• Task
Your answer must consist of exactly the lines below, starting with the line with "Aviso Licitaciones: SERVIU" and going on through the line with "Совершенно новый модель", and nothing else.

• Available data
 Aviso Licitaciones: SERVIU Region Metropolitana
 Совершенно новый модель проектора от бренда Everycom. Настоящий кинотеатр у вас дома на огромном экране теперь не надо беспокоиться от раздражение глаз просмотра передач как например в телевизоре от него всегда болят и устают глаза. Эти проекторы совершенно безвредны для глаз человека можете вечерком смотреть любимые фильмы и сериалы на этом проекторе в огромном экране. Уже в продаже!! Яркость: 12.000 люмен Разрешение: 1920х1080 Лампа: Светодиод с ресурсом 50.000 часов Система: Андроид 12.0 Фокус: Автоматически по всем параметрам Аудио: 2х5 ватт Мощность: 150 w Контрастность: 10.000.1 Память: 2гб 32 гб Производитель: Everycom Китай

==

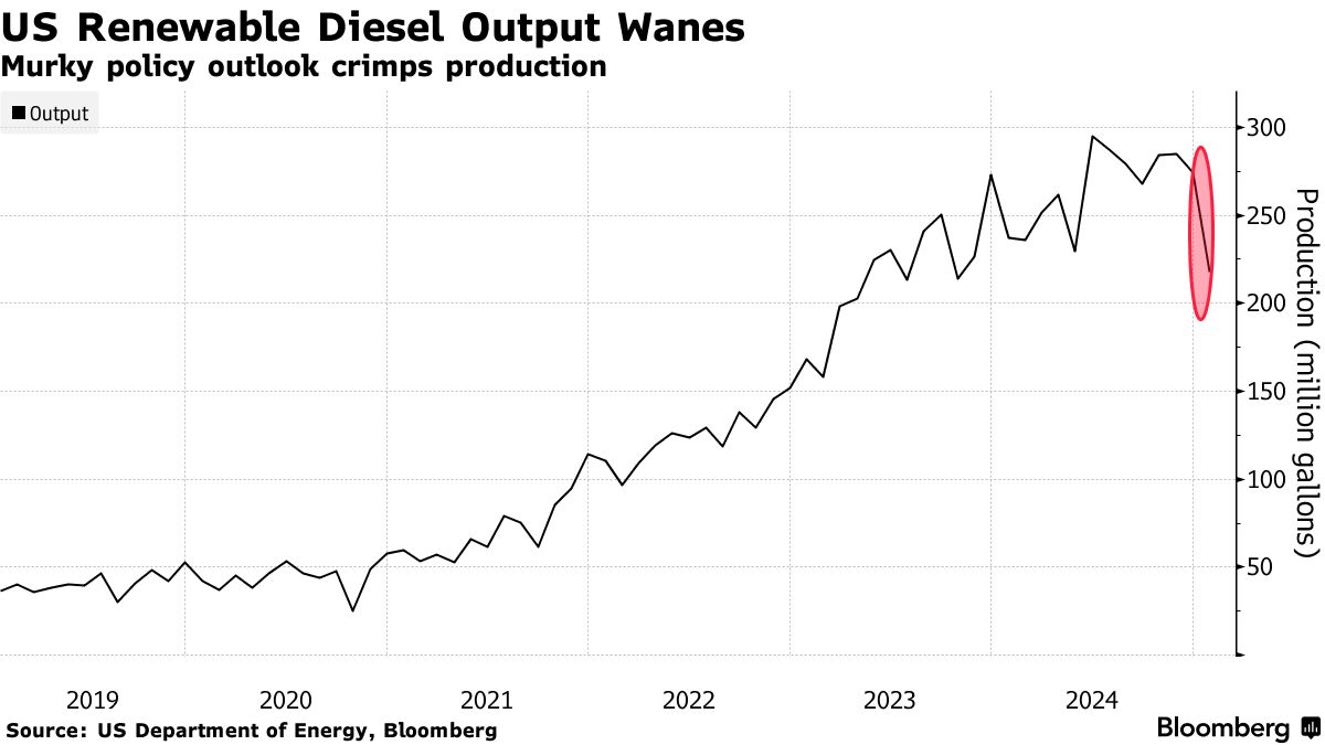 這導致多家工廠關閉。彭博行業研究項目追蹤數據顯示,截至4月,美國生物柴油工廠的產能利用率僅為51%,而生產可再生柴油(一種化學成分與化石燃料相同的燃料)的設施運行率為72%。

• Exercise solution
 Aviso Licitaciones: SERVIU Region Metropolitana
 Совершенно новый модель проектора от бренда Everycom. Настоящий кинотеатр у вас дома на огромном экране теперь не надо беспокоиться от раздражение глаз просмотра передач как например в телевизоре от него всегда болят и устают глаза. Эти проекторы совершенно безвредны для глаз человека можете вечерком смотреть любимые фильмы и сериалы на этом проекторе в огромном экране. Уже в продаже!! Яркость: 12.000 люмен Разрешение: 1920х1080 Лампа: Светодиод с ресурсом 50.000 часов Система: Андроид 12.0 Фокус: Автоматически по всем параметрам Аудио: 2х5 ватт Мощность: 150 w Контрастность: 10.000.1 Память: 2гб 32 гб Производитель: Everycom Китай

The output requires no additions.